[Items from a data source]
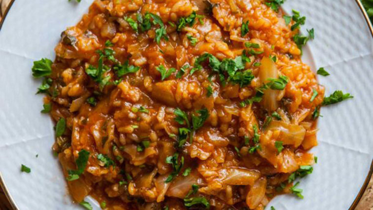 - Μετά προσθέτουμε τον πελτέ διαλυμένο σε 1/2 φλιτζάνι νερό, τα μπαχαρικά και το ρύζι. Για να γίνει το ρύζι, πρέπει η κατσαρόλα να έχει περίπου 3 φλιτζάνια υγρό. Υπολογίζουμε περίπου πόσο λείπει, προσθέτουμε όσο χρειάζεται και μαγειρεύουμε μέχρι σχεδόν να γίνει το ρύζι.
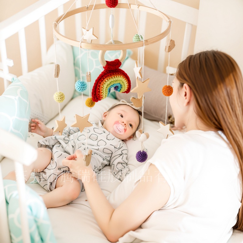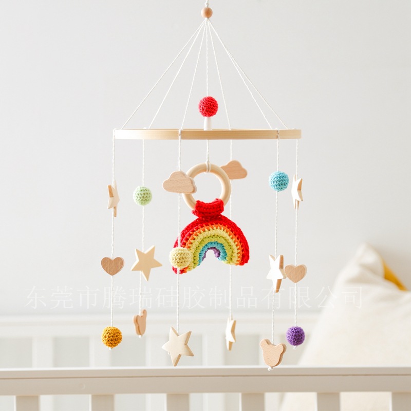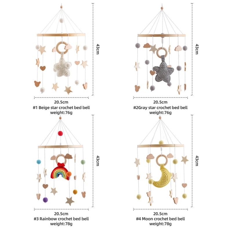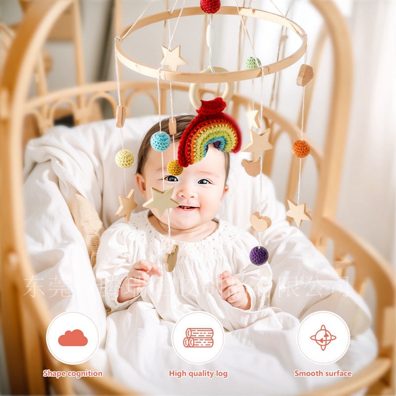 북유럽 스타일 스타 문 구름 침대 펜던트 아기 스타 침대 벨 분리 가능한 딸랑이 나무 바람 벨 교수형 장식
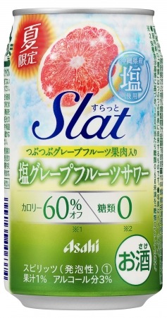 「アサヒSlat(すらっと)」の夏の期間限定フレーバーは、沖縄県産の塩を使用し、塩のまろやかさと果実の爽やかな酸味や甘味のバランスのとれた缶チューハイです。すっきりとした後味で、それぞれレモン果肉とグレープフルーツ果肉のつぶつぶ食感も楽しめます。適度な塩味で味わいにコクを加え、まろやかな飲み口に仕上げました。
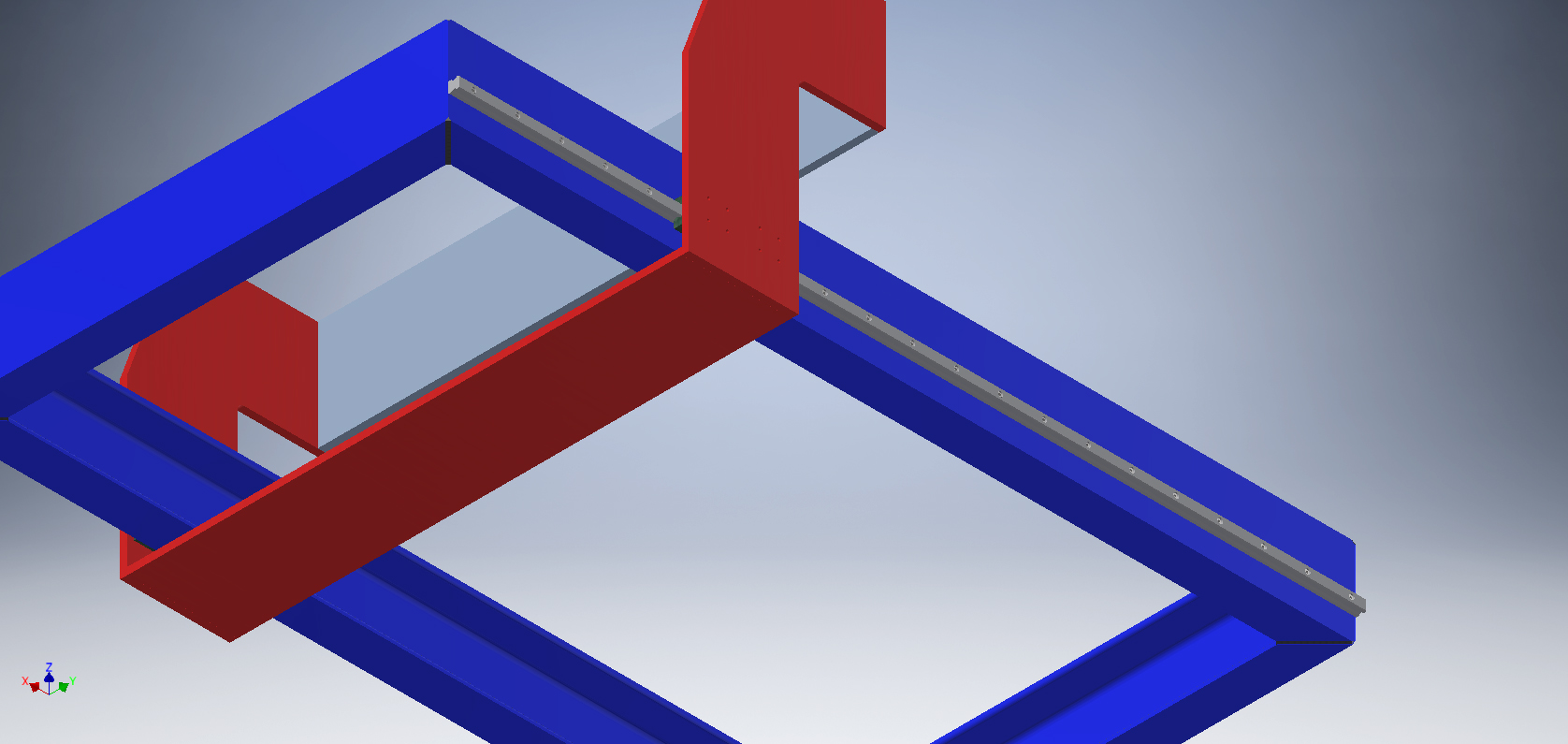 А если два винта, но снизу по оси Y? Рельсы по оси X поднять повыше (что начерчены). Сверху стоики соединить также алюминиевым профилем (кстати, не понял, какой у вас).
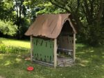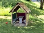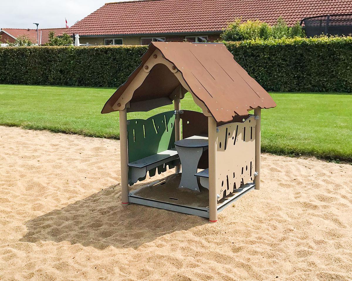 Ana ist ein Standard-Spielhaus mit zwei Bänken und einem Tisch.

* Task brief
An exact copy of every entry above is needed, minus the pictures.

* Output for this exercise
 - Μετά προσθέτουμε τον πελτέ διαλυμένο σε 1/2 φλιτζάνι νερό, τα μπαχαρικά και το ρύζι. Για να γίνει το ρύζι, πρέπει η κατσαρόλα να έχει περίπου 3 φλιτζάνια υγρό. Υπολογίζουμε περίπου πόσο λείπει, προσθέτουμε όσο χρειάζεται και μαγειρεύουμε μέχρι σχεδόν να γίνει το ρύζι.
 북유럽 스타일 스타 문 구름 침대 펜던트 아기 스타 침대 벨 분리 가능한 딸랑이 나무 바람 벨 교수형 장식
 「アサヒSlat(すらっと)」の夏の期間限定フレーバーは、沖縄県産の塩を使用し、塩のまろやかさと果実の爽やかな酸味や甘味のバランスのとれた缶チューハイです。すっきりとした後味で、それぞれレモン果肉とグレープフルーツ果肉のつぶつぶ食感も楽しめます。適度な塩味で味わいにコクを加え、まろやかな飲み口に仕上げました。
 А если два винта, но снизу по оси Y? Рельсы по оси X поднять повыше (что начерчены). Сверху стоики соединить также алюминиевым профилем (кстати, не понял, какой у вас).
 Ana ist ein Standard-Spielhaus mit zwei Bänken und einem Tisch.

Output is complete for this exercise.